» **DATA SHOWN**
● ● ● ●

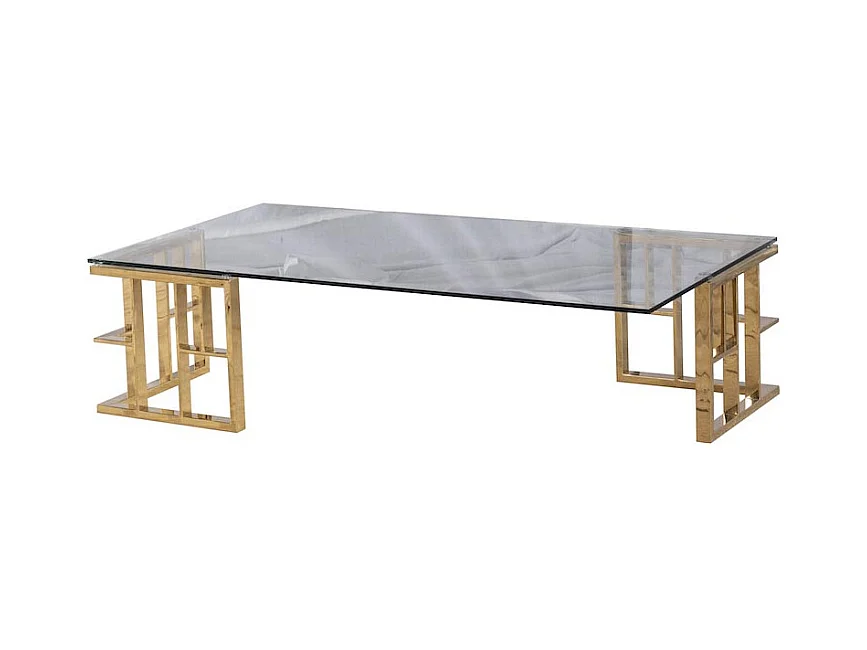 Table basse rectangle LEO - Verre/Gold - Acier / Verre
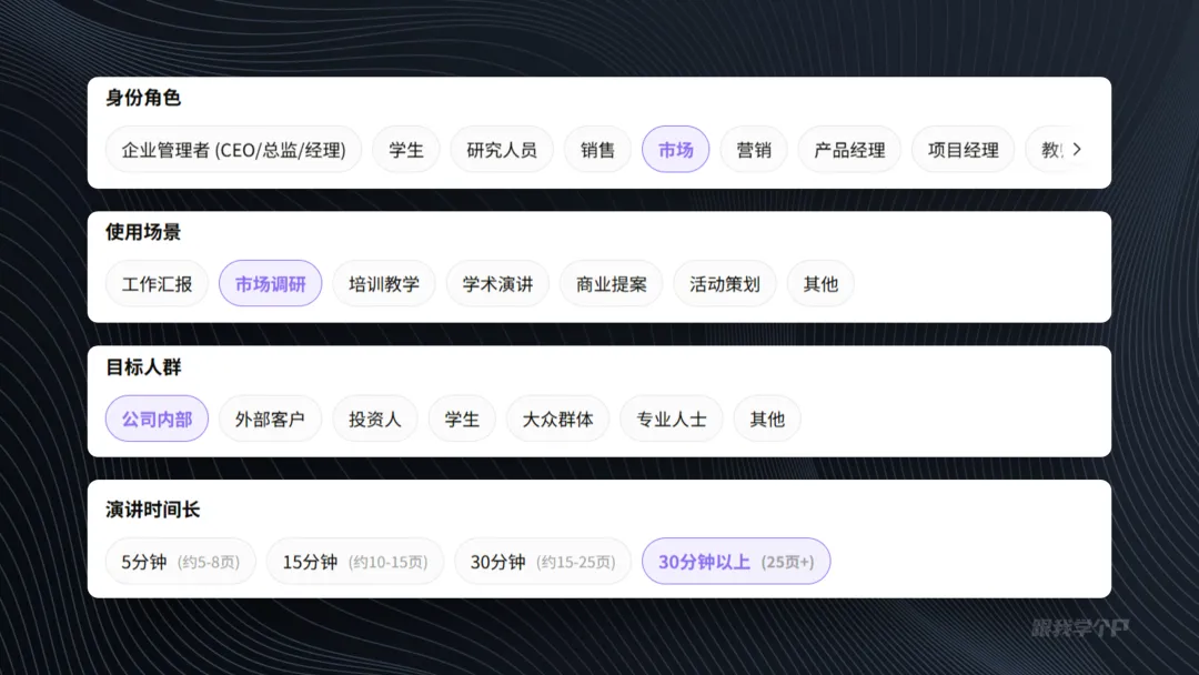 当然,如果说你不想用内置模板的风格,小浣熊还有一个上传参考模板的功能,接着往下看。▎上传模板,可以自定义风格?
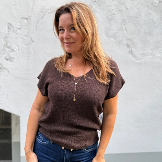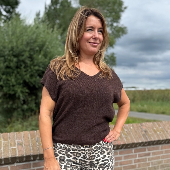 Wil jij een shirt dat direct iets extra’s aan je outfit geeft? Dan is het shiny lurex shirt Nola een perfecte keuze. De glanzende draad geeft dit shirt een feestelijke, maar toch verfijnde uitstraling – ideaal voor een etentje, feestje of stijlvolle daglook.

● ● ● ●

» **WORK TO BE COMPLETED**
Your answer should contain all the material above, written out exactly, and none of the pictures.

» **SOLUTION**
 Table basse rectangle LEO - Verre/Gold - Acier / Verre
 当然,如果说你不想用内置模板的风格,小浣熊还有一个上传参考模板的功能,接着往下看。▎上传模板,可以自定义风格?
 Wil jij een shirt dat direct iets extra’s aan je outfit geeft? Dan is het shiny lurex shirt Nola een perfecte keuze. De glanzende draad geeft dit shirt een feestelijke, maar toch verfijnde uitstraling – ideaal voor een etentje, feestje of stijlvolle daglook.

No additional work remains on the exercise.